« BackGPU Puzzlesgithub.comSubmitted by cgadski 5 days ago
  • srush 4 hours ago

    I made these a couple of years ago as a teaching exercise for https://minitorch.github.io/. At the time the resources for doing anything on GPUs were pretty sparse and the NVidia docs were quite challenging.

    These days there are great resources for going deep on this topic. The CUDA-mode org is particularly great, both their video series and PMPP reading groups.

    • lins1909 8 minutes ago

      Thanks Sasha - this looks like a great resource.Just to be clear, would you recommend going through other newer resources than this instead?

      Not sure if your comment is to discourage someone from going through this.

      • nextos 2 hours ago

        Slightly offtopic, but any chance you could update or re-upload code for your https://github.com/harvardnlp/DeepLatentNLP tutorial? I found the NLP latent variable models discussed there really interesting, and notebooks were excellent. However, these seem gone and the only thing left are slides?

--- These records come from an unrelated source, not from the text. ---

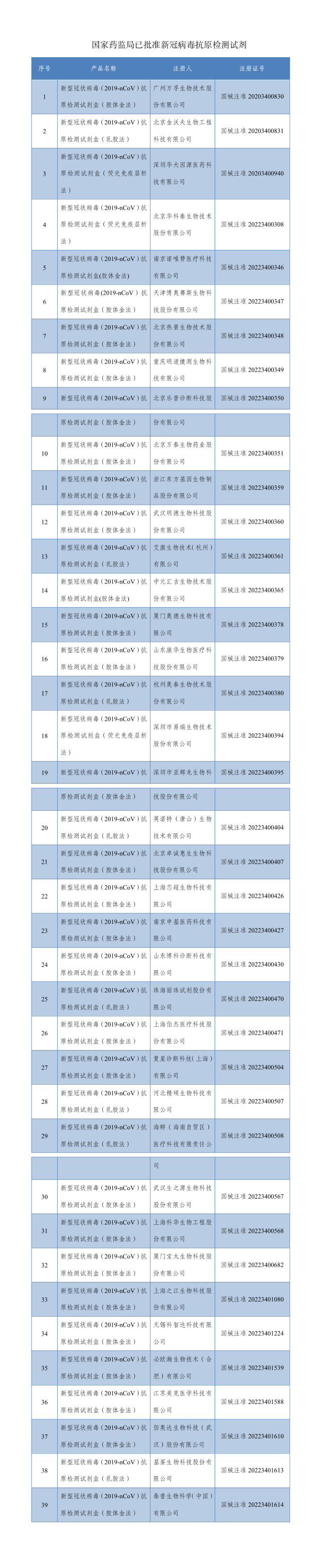 名單公布!39個新冠病毒抗原檢測試劑已獲批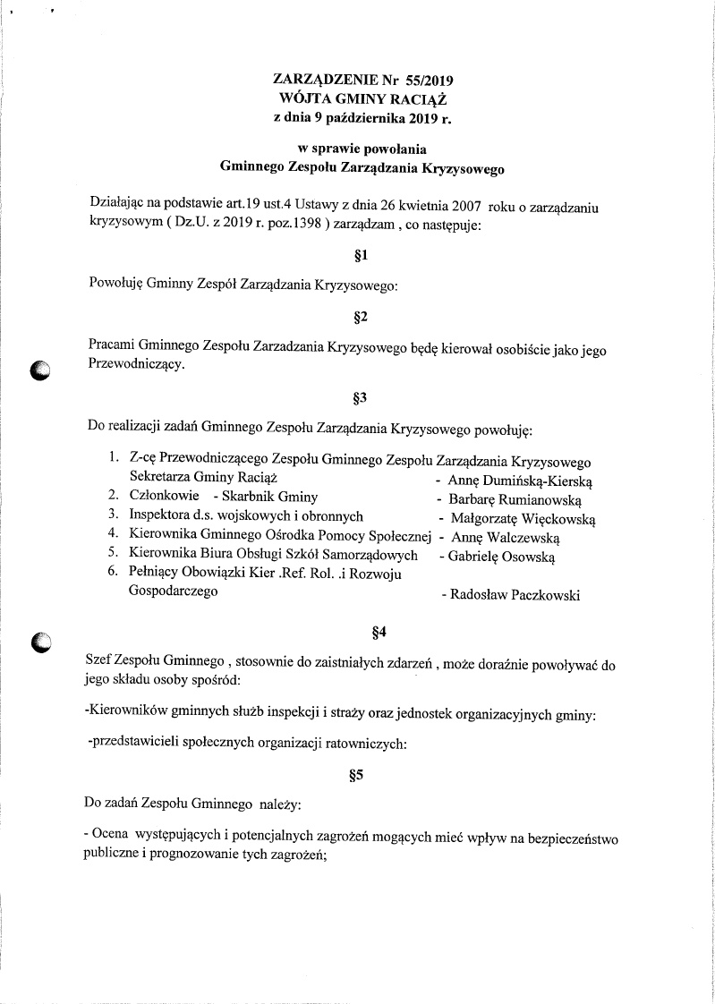 Zarządzenie Nr 55.2019 Wójta Gminy Raciąż z dnia 9 października 2019 roku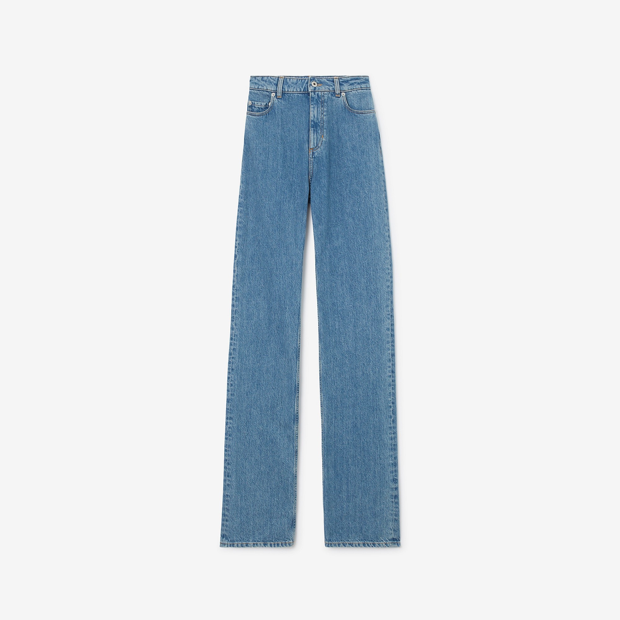 PRODUCT DETAILS High-rise jeans detailed with a leather patch embossed with our logo. - Inside leg length: 85cm/33.5in. This is based on a size UK 26. - Model’s height: 177cm/5ft 10in. Model wears size UK 25. 100% cotton Trim: 100% calf leather Heavyweight denim High rise, straight fit Button and zip fly closure Leather patch with embossed Burberry lettering at back Machine wash inside out Made in Italy Item 80712121

        Alternatively, any other places that discuss the same topics, including some code? I could only find equivalent discussions with code in Pyro docs and Kevin Murphy's book, volume 2. But these are more sparse as they also cover many other topics.

        • srush 15 minutes ago

          I'll take a look. Yeah Pyro is the best thing to do here. But it would be nice to revisit some of these implementationz

        • bytepoet 3 hours ago

          Thanks a lot, Sasha, for creating these. I found your LLM training puzzles to be excellent as well.

        • aleinin an hour ago

          I recently ported this to Metal for Apple Silicon computers. If you're interested in learning GPU programming on an M series Mac, I think this is a very accessible option. Thanks to Sasha for making this!

          https://github.com/abeleinin/Metal-Puzzles

          • throwaway314155 an hour ago

            Either puzzle 4 has a bug in it or I'm losing my mind. (Possible answer to solution below, so don't read if you want to go in fresh)

                # FILL ME IN (roughly 2 lines)
                if local_i < size and local_j < size:
                    out[local_i][local_j] = a[local_i][local_j] + 10
            
            
            Results in a failed assertion:

                 AssertionError: Wrong number of indices
            
            
            But the test cell beneath it will still pass?
            • imjonse a minute ago

              maybe try out[local_i, local_j] ?

            • 867-5309 35 minutes ago

              seems like an opportune moment to gift a plug for bitcoin puzzles, namely BTC32 / 1000 BTC Challenge[1]

              pools are in dire need of cuda developers

              [1]https://bitcointalk.org/index.php?topic=1306983.0

              • fifilura 2 hours ago

                I think this course is also relevant for some deeper context.

                https://gfxcourses.stanford.edu/cs149/fall23/lecture/datapar...

                • geekodour 10 minutes ago

                  all videos should be available on YT by end of month

                • ismailmaj 3 hours ago

                  It would be nice if the puzzles natively supported C++ CUDA.